The process starts long before the final bottle or drum. Our chemists and plant technicians have refined each step, knowing that consistency in starting materials and careful temperature control makes all the difference. We source the required precursors and set up the batch in reactors designed for thorough mixing. Solvents get selected based on years of hands-on trial—nothing substitutes for direct experience with mixtures that don’t always behave as theory suggests. Reaction times and temperatures are checked at fine intervals. Analyses along the way catch impurities early. It’s this attention that keeps our product’s chemical purity tight, batch after batch.
Folding in the methoxy group and nitrile requires more than recipe-following. Chlorination, by nature, can get finicky, throwing off yields unless the right conditions are dialed in for the exact lot of raw material. Relying on an experienced team who knows how the material feels, smells, and looks at every stage means we don’t settle for unknowns. At scale, keeping the nitrile clean in the finished molecule has proven tricky; even slight shifts in pH or excess reagents show up in the analytics. Every kilo reflects hundreds of trials in reaction controls—a record written in each year’s batch logs.
Most of our customers ask after the technical model and the detailed make-up. In our plant, we work with a purity specification of no less than 98.5% by HPLC assay. Moisture and trace impurities get kept at low thresholds, tracked by methods we cross-validate in-house. Product leaves the plant only after passing FTIR and NMR benchmarks—spectra that match referenced standards built over years of trusted production. By design, we avoid metallic residue, especially iron or copper, as many end uses in pharmaceuticals and advanced material synthesis show sensitivity at low levels.
Typical batches exit as a pale to off-white crystalline solid. Our team has built up storage and handling systems to keep the product consistent from drum to drum. Shelf life isn’t just about paperwork; we test retained samples in real time to follow changes under common storage conditions. Those insights shape packaging: robust HDPE drums or glass bottles for sensitive downstream needs. Since we control the lot coding and retain samples over years, we’re able to trace back every detail for our clients when questions arise months or years after initial delivery.
In our experience, the most common demand for 5-chloro-1,2-dihydro-4-methoxy-2-oxo-3-pyridinecarbonitrile comes from pharmaceutical developers and specialty chemical researchers. The molecules created from this core scaffold often head for testing as potential CNS drugs or anti-infectives. Some teams use it for tuning optical properties in material science, seeking more stable conjugated systems for dyes or sensor elements. A few companies we supply use it in agrochemical lead optimization. Knowing where it goes influences how we run our cleaning cycles and which cross-contamination risks we prioritize.

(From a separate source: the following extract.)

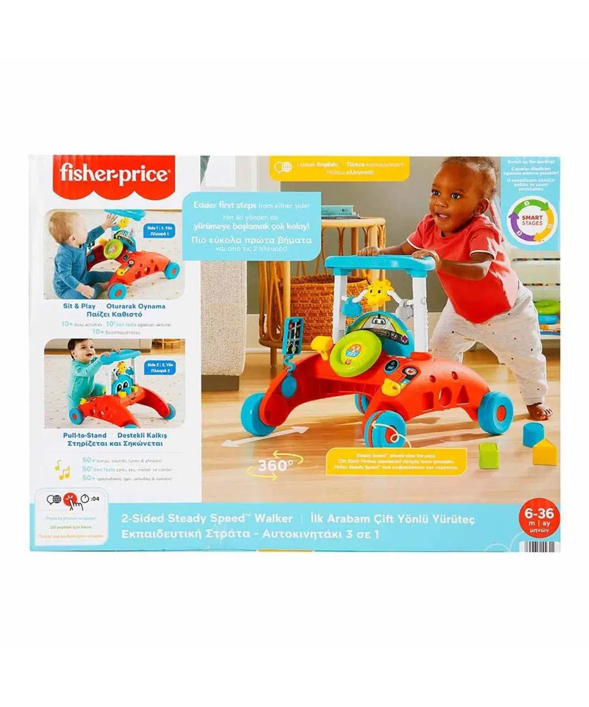 Fisher-Price® İlk Arabam™ Çift Yönlü Yürüteç, oturmaktan ayağa kalkmaya ve ilk adımlara kadar bebeğinizle birlikte büyüyen, etkileşimli ve eğitici bir oyuncaktır. Bu araba temalı yürüteç, yürümeyi yeni öğrenen bebeklerin ayakta durmasına ve yavaşça hareket etmesine yardımcı olmak için iki yana dönebilen İlk Arabam™ tekerleklerine sahiptir. Yürütecin her iki yanında da ilgi çekici oyuncaklar bulunur. Direksiyon ve etkileşimli gösterge paneli, araba sürme temalı canlandırma oyunlarına ilham verir. Ayrıca 3 Yaşa Göre Gelişim® oyun seviyesi, minik sürücüler büyüyüp etrafta 'gezinirken' onlara alfabeyi, zıt anlamlı kelimeleri ve sayı saymayı öğretmenize yardımcı olur. Dili seçmek için dünya düğmesini kullanın: İngilizce, Türkçe veya Yunanca dilleri arasında seçim yapabilirsiniz.

Our manufacturing process grew out of years of requests from medicinal chemistry teams asking for small to mid-sized batches, sometimes with tight delivery timelines. With regulations getting stricter each year, we’ve built systems for reproducible analytical signatures, critical when customers submit data to regulatory agencies. The methodologies we adopt must satisfy our clients’ filings for patent and regulatory work, so we maintain not just high-purity stock, but complete traceability and transparency about processing.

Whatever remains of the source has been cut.